> [WHAT YOU SHOULD DO]
The records below are to be restated word for word, with their images omitted.

==== THE DATA

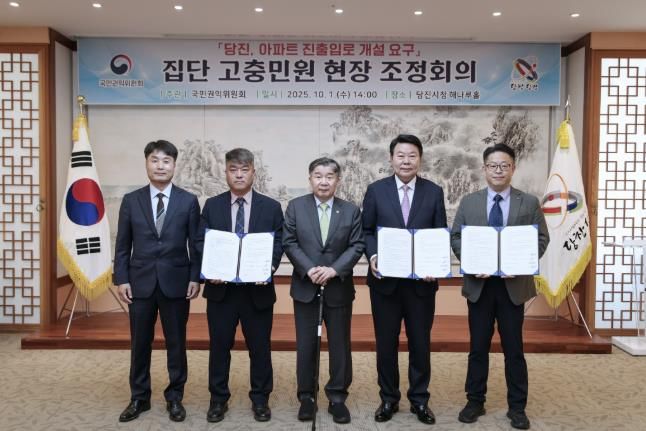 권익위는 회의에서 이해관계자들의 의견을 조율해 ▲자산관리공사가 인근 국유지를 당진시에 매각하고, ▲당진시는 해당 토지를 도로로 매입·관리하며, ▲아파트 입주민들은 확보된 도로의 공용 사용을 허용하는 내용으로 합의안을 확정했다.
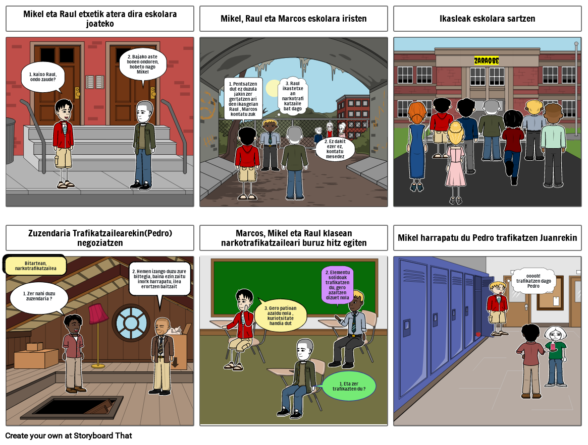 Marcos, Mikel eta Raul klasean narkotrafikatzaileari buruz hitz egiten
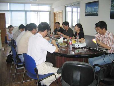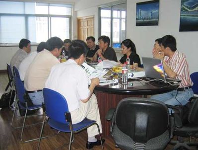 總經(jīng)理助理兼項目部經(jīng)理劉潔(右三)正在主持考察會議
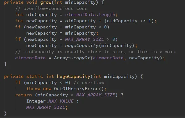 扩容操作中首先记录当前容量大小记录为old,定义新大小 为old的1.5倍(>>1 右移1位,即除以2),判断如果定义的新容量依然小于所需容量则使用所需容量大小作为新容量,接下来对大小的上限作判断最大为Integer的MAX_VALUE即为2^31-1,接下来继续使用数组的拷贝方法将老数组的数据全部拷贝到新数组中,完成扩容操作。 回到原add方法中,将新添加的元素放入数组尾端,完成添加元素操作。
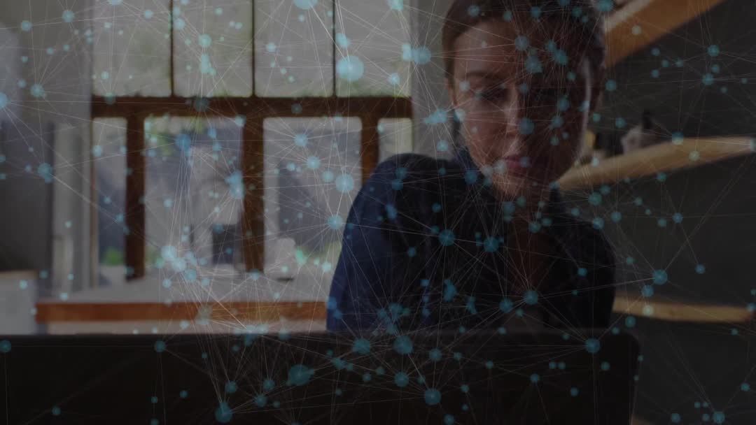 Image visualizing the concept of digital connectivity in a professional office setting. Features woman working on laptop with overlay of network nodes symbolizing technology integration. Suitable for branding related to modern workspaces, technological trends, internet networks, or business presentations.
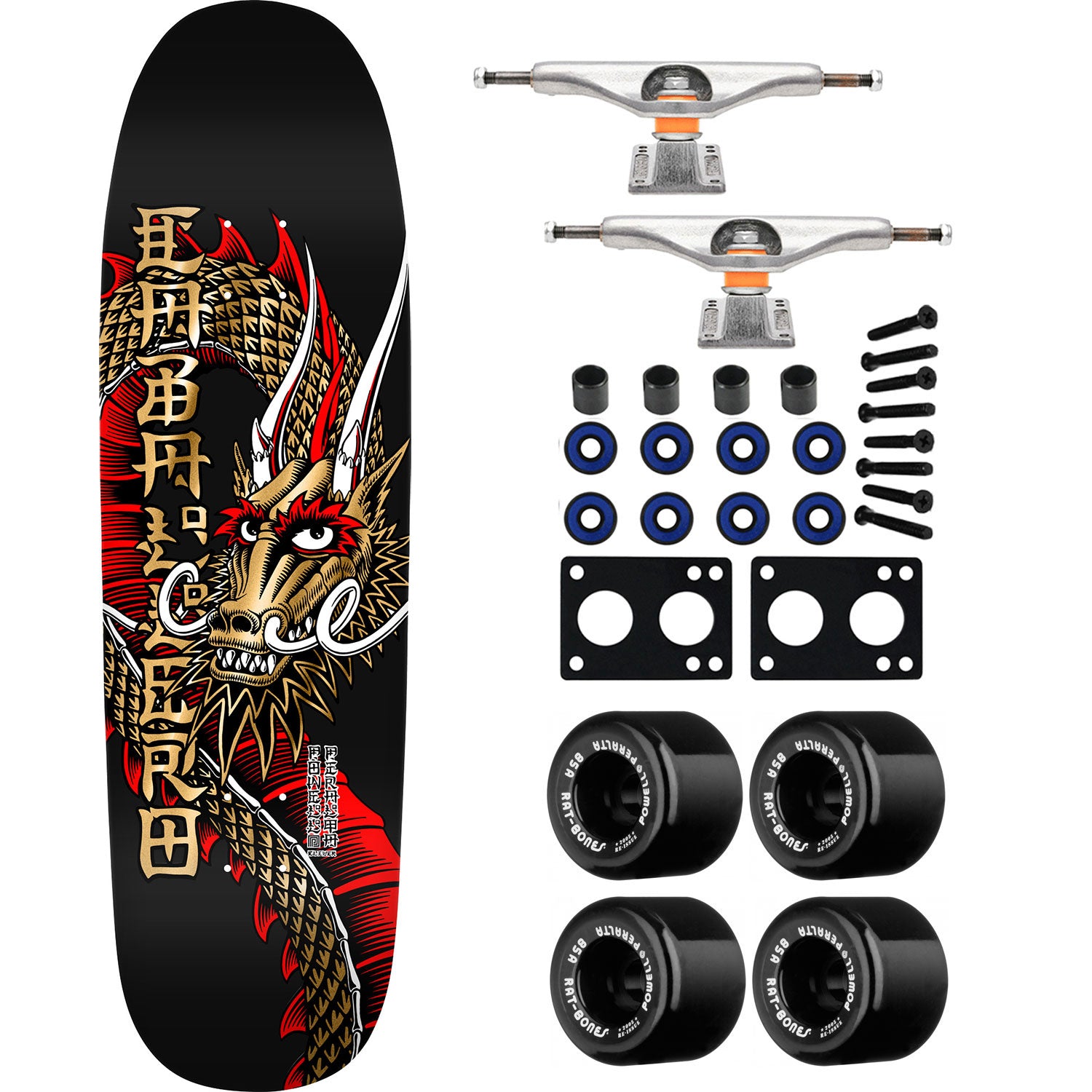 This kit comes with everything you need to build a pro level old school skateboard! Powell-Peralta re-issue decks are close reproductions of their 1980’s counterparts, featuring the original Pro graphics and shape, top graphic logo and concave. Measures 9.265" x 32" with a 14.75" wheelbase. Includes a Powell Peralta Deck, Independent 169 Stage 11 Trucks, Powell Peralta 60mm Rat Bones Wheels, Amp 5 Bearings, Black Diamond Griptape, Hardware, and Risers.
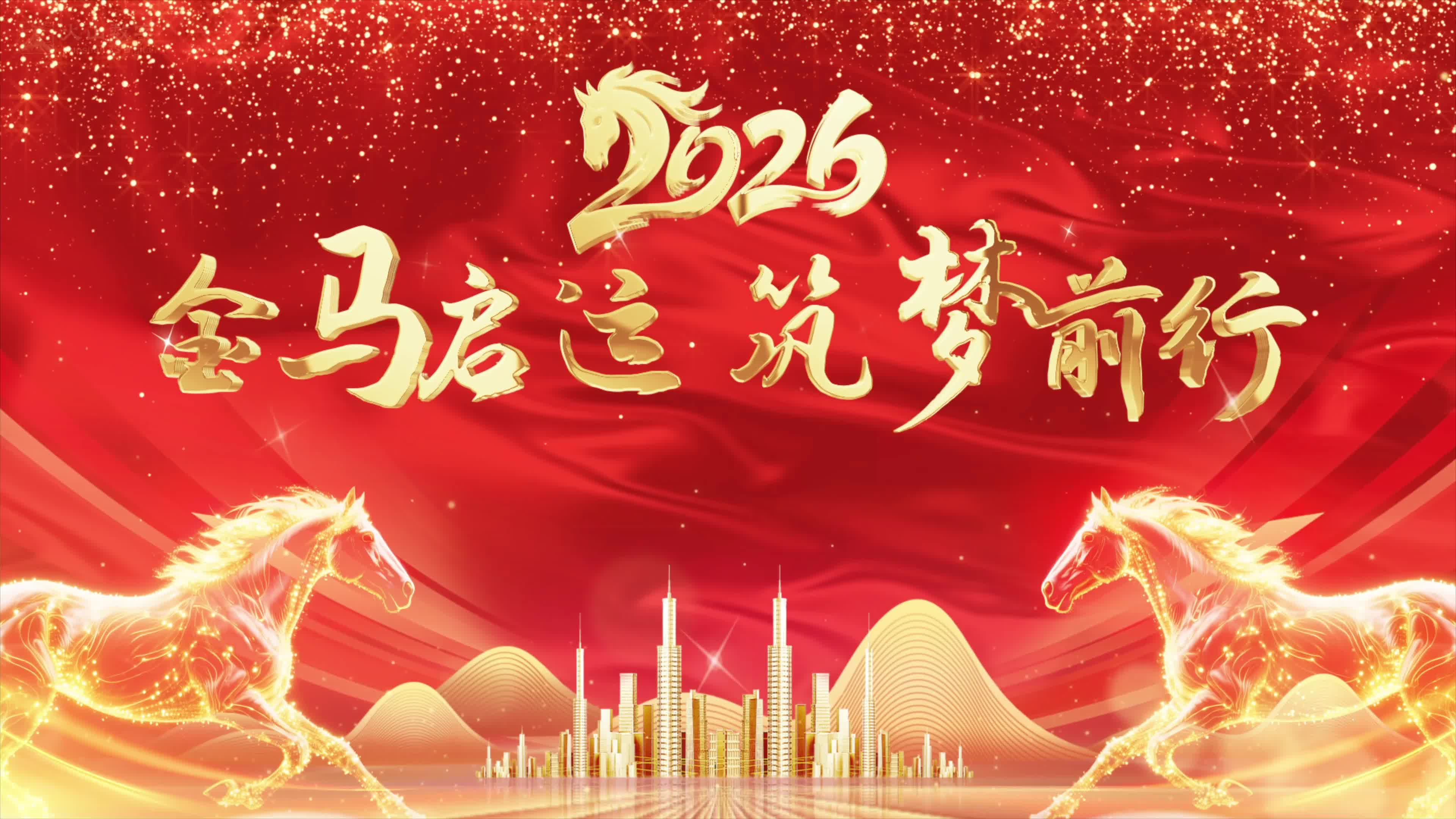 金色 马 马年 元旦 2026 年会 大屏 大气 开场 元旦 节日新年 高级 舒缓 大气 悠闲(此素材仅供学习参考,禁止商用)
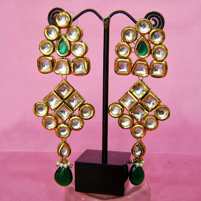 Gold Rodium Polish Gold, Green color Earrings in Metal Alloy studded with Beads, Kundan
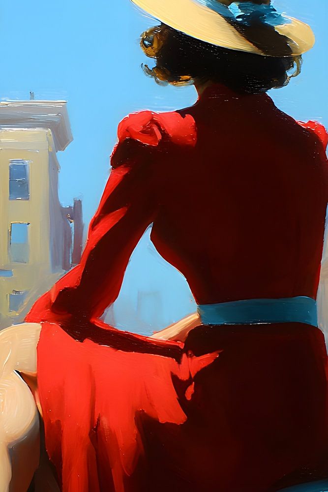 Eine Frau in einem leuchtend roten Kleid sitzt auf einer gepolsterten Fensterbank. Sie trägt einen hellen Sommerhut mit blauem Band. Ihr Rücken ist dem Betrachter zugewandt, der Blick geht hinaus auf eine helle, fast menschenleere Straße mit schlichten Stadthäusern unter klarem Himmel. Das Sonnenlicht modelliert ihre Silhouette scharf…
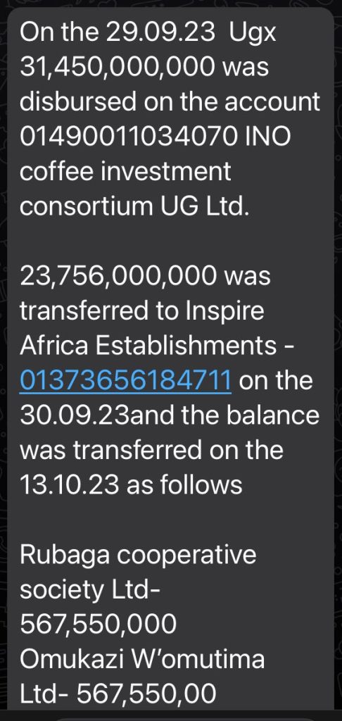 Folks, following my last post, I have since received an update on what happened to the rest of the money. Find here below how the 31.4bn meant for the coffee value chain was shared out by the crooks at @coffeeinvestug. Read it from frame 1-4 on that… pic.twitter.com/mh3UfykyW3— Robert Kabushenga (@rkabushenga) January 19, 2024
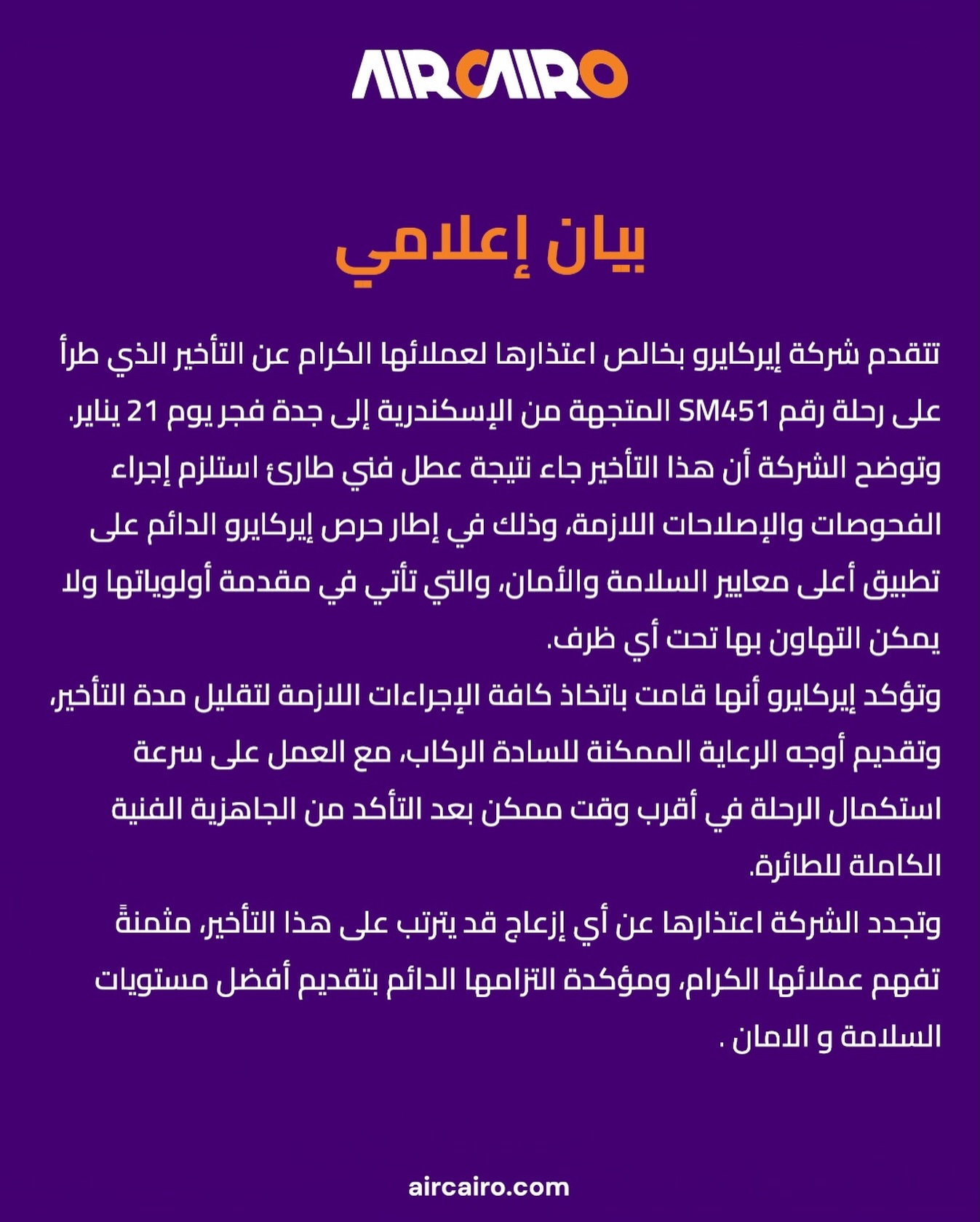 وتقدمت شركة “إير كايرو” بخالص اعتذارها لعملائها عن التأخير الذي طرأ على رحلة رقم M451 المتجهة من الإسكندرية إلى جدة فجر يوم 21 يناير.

========

> [EXERCISE SOLUTION]
 권익위는 회의에서 이해관계자들의 의견을 조율해 ▲자산관리공사가 인근 국유지를 당진시에 매각하고, ▲당진시는 해당 토지를 도로로 매입·관리하며, ▲아파트 입주민들은 확보된 도로의 공용 사용을 허용하는 내용으로 합의안을 확정했다.
 Marcos, Mikel eta Raul klasean narkotrafikatzaileari buruz hitz egiten
 總經(jīng)理助理兼項目部經(jīng)理劉潔(右三)正在主持考察會議
 扩容操作中首先记录当前容量大小记录为old,定义新大小 为old的1.5倍(>>1 右移1位,即除以2),判断如果定义的新容量依然小于所需容量则使用所需容量大小作为新容量,接下来对大小的上限作判断最大为Integer的MAX_VALUE即为2^31-1,接下来继续使用数组的拷贝方法将老数组的数据全部拷贝到新数组中,完成扩容操作。 回到原add方法中,将新添加的元素放入数组尾端,完成添加元素操作。
 Image visualizing the concept of digital connectivity in a professional office setting. Features woman working on laptop with overlay of network nodes symbolizing technology integration. Suitable for branding related to modern workspaces, technological trends, internet networks, or business presentations.
 This kit comes with everything you need to build a pro level old school skateboard! Powell-Peralta re-issue decks are close reproductions of their 1980’s counterparts, featuring the original Pro graphics and shape, top graphic logo and concave. Measures 9.265" x 32" with a 14.75" wheelbase. Includes a Powell Peralta Deck, Independent 169 Stage 11 Trucks, Powell Peralta 60mm Rat Bones Wheels, Amp 5 Bearings, Black Diamond Griptape, Hardware, and Risers.
 金色 马 马年 元旦 2026 年会 大屏 大气 开场 元旦 节日新年 高级 舒缓 大气 悠闲(此素材仅供学习参考,禁止商用)
 Gold Rodium Polish Gold, Green color Earrings in Metal Alloy studded with Beads, Kundan
 Eine Frau in einem leuchtend roten Kleid sitzt auf einer gepolsterten Fensterbank. Sie trägt einen hellen Sommerhut mit blauem Band. Ihr Rücken ist dem Betrachter zugewandt, der Blick geht hinaus auf eine helle, fast menschenleere Straße mit schlichten Stadthäusern unter klarem Himmel. Das Sonnenlicht modelliert ihre Silhouette scharf…
 Folks, following my last post, I have since received an update on what happened to the rest of the money. Find here below how the 31.4bn meant for the coffee value chain was shared out by the crooks at @coffeeinvestug. Read it from frame 1-4 on that… pic.twitter.com/mh3UfykyW3— Robert Kabushenga (@rkabushenga) January 19, 2024
 وتقدمت شركة “إير كايرو” بخالص اعتذارها لعملائها عن التأخير الذي طرأ على رحلة رقم M451 المتجهة من الإسكندرية إلى جدة فجر يوم 21 يناير.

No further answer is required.